On March 17, 2014, the New York City Council’s Committee on Civil Rights held a hearing to discuss and invite public comment on bill Intro 173-A, introduced by Council Member James Vacca and Manhattan Borough President Gale Brewer, which aims to extend to unpaid interns workplace protections against sexual harassment and other forms of discrimination under the New York City Human Rights Law. Activists from Intern Labor Rights (ILR) along with other advocates, interns and lawyers were present at the hearing and gave individual statements regarding the proposed legislation, urging the Council to use broader language than in the original draft. Yesterday, March 26, the Council passed the bill, without using the broader language suggested by ILR and those sharing our concerns, which would have covered thousands more interns, volunteers, and others working without financial compensation in New York City. We urge Mayor de Blasio not to sign this bill into law, but rather to send it back to the Council for strengthening.
While Intern Labor Rights applauds the New York City Council for their efforts to address the precarious and unprotected position of interns in the workplace, we feel strongly that this law will not solve the issues it purports to address, specifically:
- The new law would not extend protections to interns who do not fit the narrow definition of an “intern” that the Council included in this bill, something done nowhere else under the law. By defining interns in a manner that employers themselves do not adhere to, thousands of New York City interns will see no new protections through this bill. Once an internship arrangement fails one of the definitional terms (e.g., it is not temporary, not for the benefit of the intern, not supplementing training or education, not enhancing employability, not under close supervision), an intern might not be covered.

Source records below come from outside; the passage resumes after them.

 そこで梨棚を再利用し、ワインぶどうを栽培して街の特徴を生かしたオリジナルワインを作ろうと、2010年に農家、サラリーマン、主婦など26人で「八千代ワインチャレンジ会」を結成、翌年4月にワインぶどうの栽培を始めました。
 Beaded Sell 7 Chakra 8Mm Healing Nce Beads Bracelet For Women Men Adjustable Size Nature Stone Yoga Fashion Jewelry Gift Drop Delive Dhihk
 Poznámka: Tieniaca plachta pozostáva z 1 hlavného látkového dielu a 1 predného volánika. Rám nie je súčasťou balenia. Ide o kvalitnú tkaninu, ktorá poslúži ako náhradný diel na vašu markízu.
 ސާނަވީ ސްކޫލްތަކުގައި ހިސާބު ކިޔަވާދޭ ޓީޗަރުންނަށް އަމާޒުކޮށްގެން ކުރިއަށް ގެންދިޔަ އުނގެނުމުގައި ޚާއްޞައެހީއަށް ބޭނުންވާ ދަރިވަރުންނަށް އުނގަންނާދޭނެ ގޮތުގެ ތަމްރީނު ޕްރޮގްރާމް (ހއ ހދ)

- Over 30 class action, state and federal lawsuits have been filed over work done by New York City interns claiming that their employers failed to adhere the very same kinds of conditions that the Council’s bill would require claimants to prove did not exist before these new protections would apply. With this bill, a harassed intern would be forced to make a tough choice: either prove they are covered by this new protection (by effectively demonstrating that they are not an employee, thus foregoing any potential wage and hour claims), or prove first that they are an employee due wages and then subsequently prove they were harassed in violation of their already-existing rights as an employee. This would be a complex, costly, time-consuming path to justice; furthermore, it already exists as a theoretical protection but has never even been attempted, let alone successfully litigated.

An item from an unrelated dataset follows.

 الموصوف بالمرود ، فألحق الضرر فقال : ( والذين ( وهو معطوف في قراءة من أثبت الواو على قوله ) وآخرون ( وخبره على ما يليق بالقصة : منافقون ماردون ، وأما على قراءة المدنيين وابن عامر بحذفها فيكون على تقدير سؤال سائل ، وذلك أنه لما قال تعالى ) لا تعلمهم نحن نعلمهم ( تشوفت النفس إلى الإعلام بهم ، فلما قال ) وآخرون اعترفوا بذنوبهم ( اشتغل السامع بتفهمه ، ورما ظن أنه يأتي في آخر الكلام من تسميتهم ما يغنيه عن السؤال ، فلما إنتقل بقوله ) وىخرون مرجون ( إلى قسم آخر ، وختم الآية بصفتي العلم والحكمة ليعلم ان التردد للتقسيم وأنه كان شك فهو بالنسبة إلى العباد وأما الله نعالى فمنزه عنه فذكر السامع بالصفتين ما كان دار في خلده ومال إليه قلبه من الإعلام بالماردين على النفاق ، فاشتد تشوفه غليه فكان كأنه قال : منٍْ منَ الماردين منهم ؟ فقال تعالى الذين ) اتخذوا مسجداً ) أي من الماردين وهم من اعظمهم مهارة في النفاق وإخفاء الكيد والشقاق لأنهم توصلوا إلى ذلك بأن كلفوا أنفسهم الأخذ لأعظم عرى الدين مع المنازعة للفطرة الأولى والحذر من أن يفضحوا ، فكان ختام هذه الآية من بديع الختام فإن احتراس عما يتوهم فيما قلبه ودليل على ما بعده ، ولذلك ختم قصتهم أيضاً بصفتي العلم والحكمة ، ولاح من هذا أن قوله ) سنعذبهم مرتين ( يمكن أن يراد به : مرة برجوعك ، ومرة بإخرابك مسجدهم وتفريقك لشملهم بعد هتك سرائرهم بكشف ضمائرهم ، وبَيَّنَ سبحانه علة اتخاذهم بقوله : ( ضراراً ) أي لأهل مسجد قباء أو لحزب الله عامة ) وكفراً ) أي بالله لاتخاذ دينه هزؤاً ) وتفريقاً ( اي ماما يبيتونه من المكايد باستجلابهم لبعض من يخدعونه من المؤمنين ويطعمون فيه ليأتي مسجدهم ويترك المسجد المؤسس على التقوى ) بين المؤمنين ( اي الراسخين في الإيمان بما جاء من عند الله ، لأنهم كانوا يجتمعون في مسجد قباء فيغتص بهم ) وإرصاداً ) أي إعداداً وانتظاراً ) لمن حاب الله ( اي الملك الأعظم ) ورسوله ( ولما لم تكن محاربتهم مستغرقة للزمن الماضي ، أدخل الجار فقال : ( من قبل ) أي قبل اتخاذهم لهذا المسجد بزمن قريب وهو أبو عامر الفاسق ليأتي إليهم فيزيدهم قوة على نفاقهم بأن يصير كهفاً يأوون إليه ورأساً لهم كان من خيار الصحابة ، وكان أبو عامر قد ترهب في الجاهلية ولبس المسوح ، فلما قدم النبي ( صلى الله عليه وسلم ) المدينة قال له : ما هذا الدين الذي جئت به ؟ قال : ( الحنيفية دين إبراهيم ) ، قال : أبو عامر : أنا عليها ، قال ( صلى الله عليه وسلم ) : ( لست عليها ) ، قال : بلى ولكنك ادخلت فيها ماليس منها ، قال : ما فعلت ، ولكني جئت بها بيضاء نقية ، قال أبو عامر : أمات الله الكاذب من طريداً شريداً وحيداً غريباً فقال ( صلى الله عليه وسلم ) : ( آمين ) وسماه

In short, this places far too heavy a burden on unpaid interns who find themselves harassed or otherwise discriminated against at their workplaces. In such vulnerable circumstances a victim’s rights should be clear, not confusing. We therefore propose that Mayor de Blasio veto this bill and instead urge the Council to pass a new bill with the following language:
- Section 1. Section 8-102 of chapter one of title eight of the administrative code of the city of New York is amended by adding new subdivisions 28 and 29 to read as follows:
- 28. For purposes of section 8-107, and section 8-107.1 of this title, an individual participating in an internship or training program, or working as a volunteer is considered to be a “person” as defined in subdivision 1 of this section.
- 29. For purposes of section 8-107, and section 8-107.1 of this title, the definition of “person” as defined in subdivision 1 of this section includes individuals who work without financial compensation.
Being protected from sexual harassment and discrimination is a human right, and should be written into law in a manner that applies to everyone. We urge Mayor de Blasio and the City Council to push further in their efforts to protect interns in the workplace.